Both Ms. Hafid and the KIG’s Sulaiman stressed that the original law and its proposed amendments were chiefly about reform and the solving of social problems, rather than punishment and retribution.

“We want to reeducate [prostitutes] and teach them how to live normally again,” said Sulaiman. “We want to oblige the government to assist them.”

He said there were both social and religious reasons for the law amendment proposal.

“Prostitution exists because we have so many social problems in Kurdistan,” Sulaiman said. “According to Sharia law, prostitution is a crime, but Sharia is conditional on social problems…Our government should put money into solving these problems.”

Sulaiman said the amendment bill made a distinction between women who were forced into prostitution, whether physically or through poverty, and those who were “willing” to practice it.

“There are women who are rich and just want to be prostitutes,” he said.

However, author Ms. Hama Jaza said in October that, according to her own research interviewing over 1,300 Kurdish prostitutes, 98 percent of them were “victims,” who were forced into the profession.

Sherizaan Minwalla, country director of Heartland Alliance, a United States-based human rights group that is setting up Iraq’s first ever shelter devoted to human trafficking victims in Iraqi Kurdistan, also said people in Kurdistan often did not realize the coercive nature of prostitution.

“They view prostitutes as criminals, [or] think that women do this because they like it,” said Ms.
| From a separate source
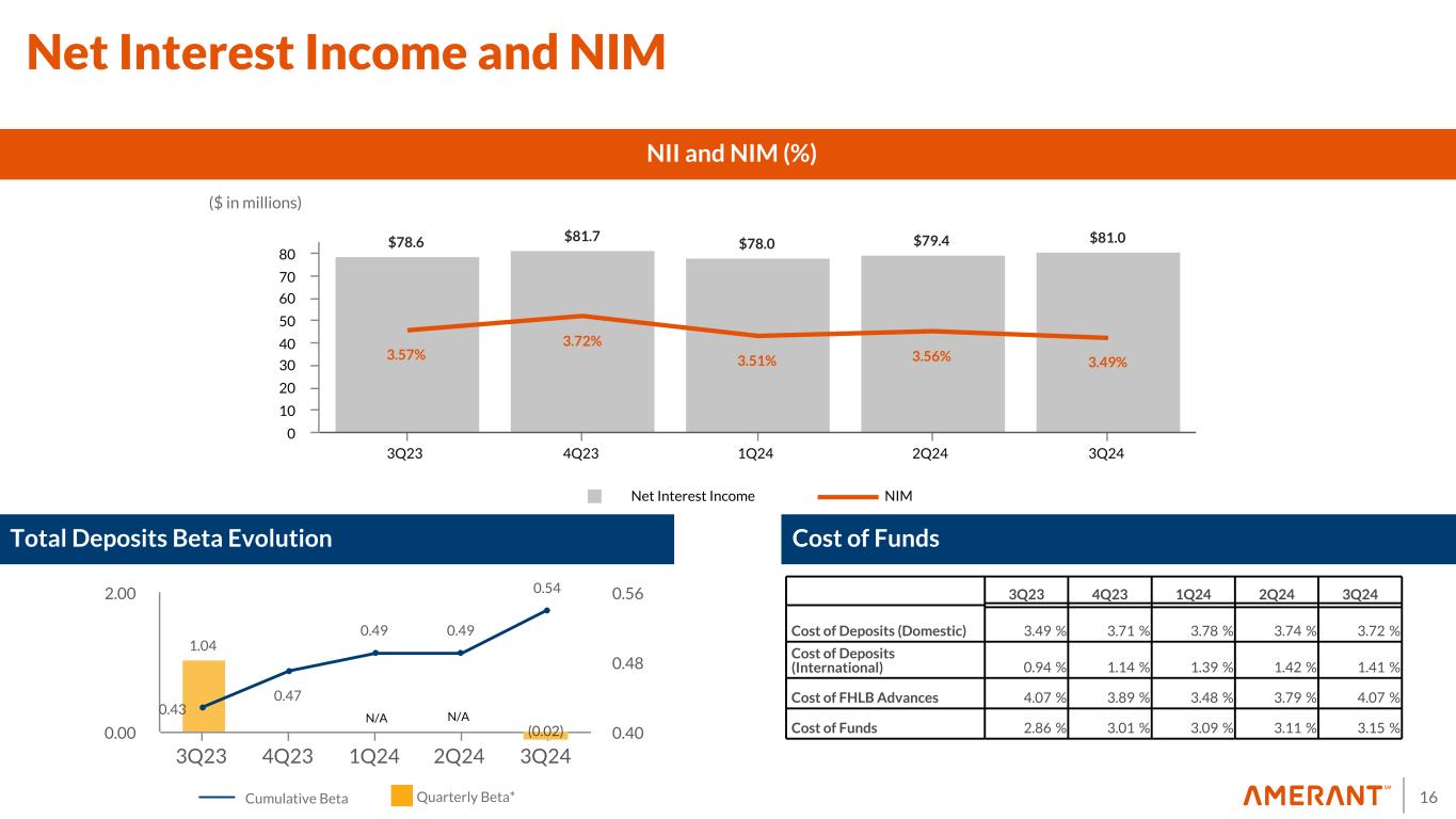 15 $7,547 $7,895 $7,878 $7,816 $8,111 $3,861 $4,153 $4,236 $4,040 $4,225 $1,580 $1,578 $1,595 $1,611 $1,702 $736 $737 $650 $700 $702 $1,370 $1,427 $1,397 $1,465 $1,482 2.66% 2.88% 3.00% 2.98% 2.99% 3Q23 4Q23 1Q24 2Q24 3Q24 0 1,000 2,000 3,000 4,000 5,000 6,000 7,000 8,000 $2,494 $2,423 $2,465 $2,558 2021 2022 2023 3Q24 1,000 2,000 3,000 $3,137 $4,621 $5,430 $5,553 2021 2022 2023 3Q24 2,500 5,000 Domestic Deposits ($ in millions) Deposit Composition International Deposits ($ in millions) Mix by Country of Domicile Transaction Deposits Customer CDs Brokered Deposits Cost of total Deposits ($ in millions) Noninterest Bearing Demand Deposits 32% of Total Deposits Approx. avg. acct balance: $45,000 68% of Total Deposits Approx. avg. acct balance: $110,000 Well Diversified and Stable Deposit Mix

Minwalla, adding that she had seen Iraqi Kurdish girls as young as 14 who had been forced into prostitution.

“There are some cases [in Iraqi Kurdistan] of husbands or fathers forcing their wives and daughters into prostitution,” said Ms Minwalla. “It is almost impossible to reintegrate these women back into the family in Kurdish society.”
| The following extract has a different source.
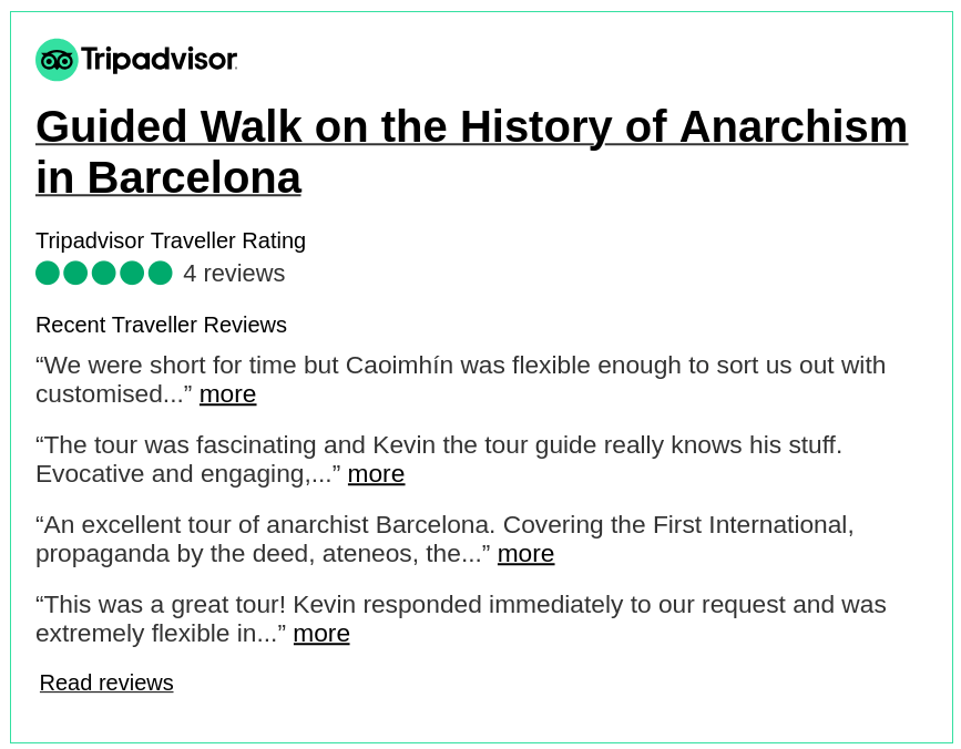This guided walk offers an introduction to the history of Anarchism in Barcelona, and the people and events that shaped it. It explores the historic evolution of anarchism and the anarchist movement. From the 1860s through to the 1930s, up to the outbreak of Spanish Civil War and the anti-fascist defence of Barcelona in July of 1936.

Ms. Minwalla stressed that, because of the social importance of the Kurdish family unit, a lone female forced out of the care of her family was extremely vulnerable to human trafficking.
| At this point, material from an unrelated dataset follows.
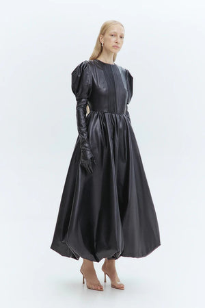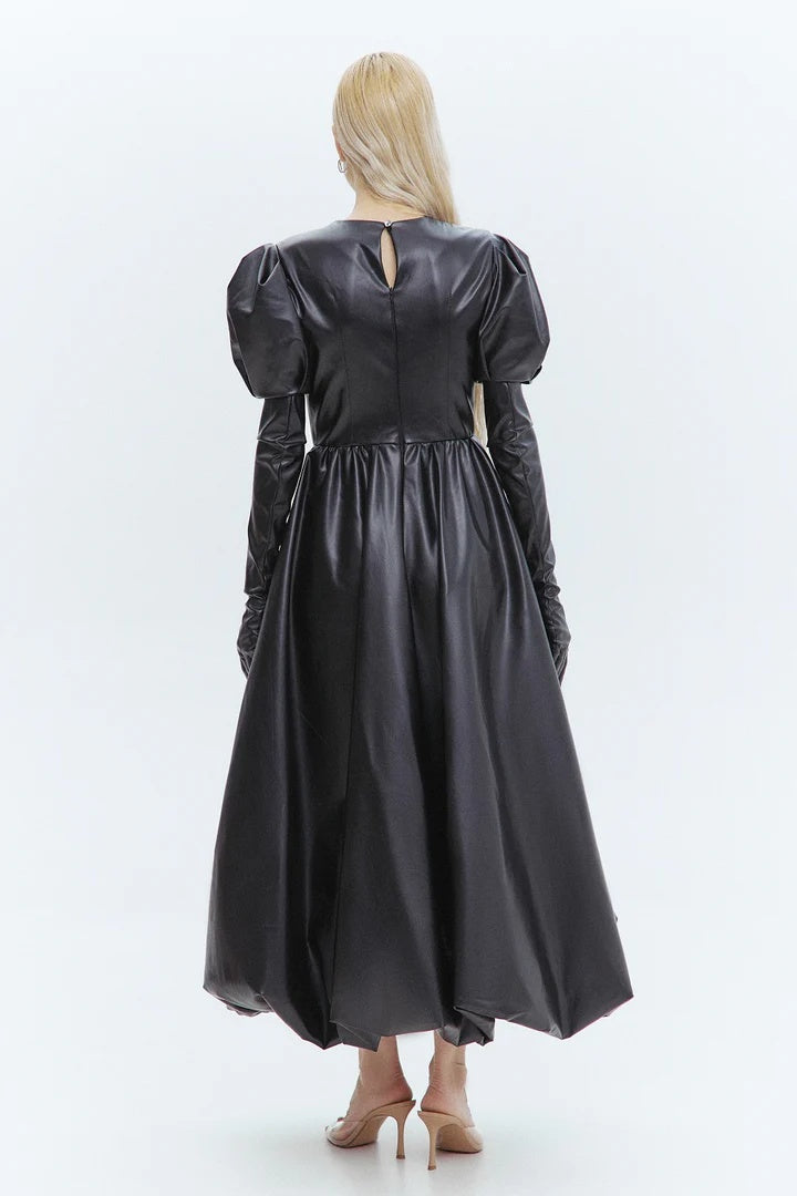 This faux leather maxi dress combines sleek style with comfortable wearability. Its flowing silhouette offers an elegant look, while the leather-like material adds a modern edge. Perfect for both casual outings and special occasions, it ensures you feel confident and effortlessly chic wherever you go.

“There’s nowhere to go,” said Ms. Minwalla. “She might even say she wasn’t forced [into prostitution], but was she sexually abused and then had to run away from her family?”

The PUK’s Ms. Hafid agreed that most Kurdish people did not have compassion for prostitutes.

“If a man in this society goes to a prostitute, he doesn’t think of himself as bad; he just looks down on the woman,” she said. “Kurdish society in general, including women, contributes to this looking down on prostitutes. Men are not held accountable for prostitution because there is no law holding them accountable, but in Islam it is clearly stated that both male and females are accountable.”

The KIG’s Sulaiman said he believed there were political goals for the ruling parties rejecting the bill’s discussion.

“All the opposition parties supported it,” he said. “Maybe there are other political reasons too, but that is only my opinion.”

But the KDP’s Shehab denied any political agenda behind the bill’s rejection.

“Some KDP lawmakers voted for the bill,” he said. “There was only a two-vote majority, which is a good indication that there was no political motivation behind it.”

Ms. Hafid said a further attempt to discuss the bill in parliament would be made after some adjustments to the bill had been completed.